Ronstadt’s great-grandfather Freidrich Ronstadt immigrated to Mexico — then the undefined ‘Southwest’ in the 1840s from Hanover, Germany and married a Mexican citizen. Three generations later, Linda would grow up hearing traditional Mexican songs around the house that impacted her in her formative years. “I didn’t speak very good Spanish as a child, so I thought Spanish was the language you sang in and English was the language you spoke. To me, Spanish was always a musical language,” she recalled. When she assembled the music of her childhood into an album concept, Ronstadt faced resistance from her label as they worried about a Spanish language album’s commercial prospects. However, she found an opportunity to overcome the label’s fears when her father introduced her to the artists Mariachi Vargas and Lola Beltran at a Tucson mariachi conference. When they asked Ronstadt to perform with them the following year, the commercial viability of a Spanish language album became unquestionable. “On the opening night, when I walked out onstage, the place was packed. All three generations showed up—grandmothers, mothers and fathers, and kids—and that thrilled me. They knew how to give a grito at the right moment,” Ronstadt said. In producing Canciones de mi Padre, Ronstadt invested considerable time in sharpening her Spanish pronunciation as she wasn’t fluent in Spanish. She worked alongside influential Mexican composer Ruben Fuentes as her musical arranger. By the album’s release in 1987, her painstaking work proved well worth it. Canciones de mi Padre would go on to become the biggest selling non-English language album in American record history.
Selling successful records never proved too difficult for Ronstadt in any of her eras. What did prove difficult, however, was retaining autonomy over her art and her persona in the male-dominated industry. Canciones de mi Padre appears, then, as not only a beautiful and impressively successful album, but as evidence of Ronstadt’s remarkable perseverance and clarity of vision. As she performed the songs in full Mexican regalia and in the lower end of her powerful vocal range, Ronstadt commanded both the music and the room. While she had complained that the arena tours of the 1970s forged a disconnect between singer and audience, performing Canciones de mi Padre to old and new fans alike allowed Linda to hold her personal heritage in common with Mexican listeners and share that heritage with audiences unfamiliar with Mexican music.

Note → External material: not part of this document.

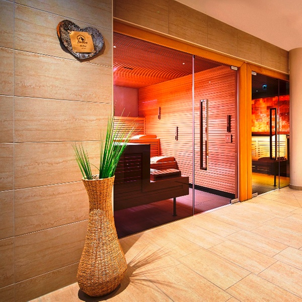 Das Hotel verfügt über einen Wellness und Spa-Bereich auf einer Fläche von 1000 qm. Dieser ist mit einem beheizten Innen- und Außenpool, Ruheräumen, 6 verschiedenen Saunen, Eisbrunnen, Kneippwannen, Erlebnisduschen, Tee und Äpfel zur freien Entnahme und zahlreichen Behandlungen und Pflegen.

I learned about Linda Ronstadt for the first time in the documentary Laurel Canyon even though I’d heard her voice for years before. When I took the time to explore her career post-Laurel Canyon, Ronstadt’s Mexican heritage and hugely successful Spanish language music came as news to me. It seemed as though the most remembered and invoked segments of her career were those which fit neatly into a cultural milieu. After all, Ronstadt remains best known for her years in the Laurel Canyon scene (and her subsequent arena rock era) and her work on Trio. Looking beyond her musical eras, many people might be acquainted with Ronstadt largely by an awareness of high profile relationships she had. This, to me, flattens the brilliance of Ronstadt’s approach to art and celebrity. She was never content to remain in an artistic environment that had grown stale or restrictive and she fought to present herself and her work on her own terms. A pure love of singing and songs themselves propelled Ronstadt through one of the most varied, technically impressive, and authentic careers in recent memory. It is a disservice to her, then, and to other artists who record both English and Spanish language music, to remember her career within the very boundaries she fought to break.
Margaret Tilley is a rising junior at Barnard College.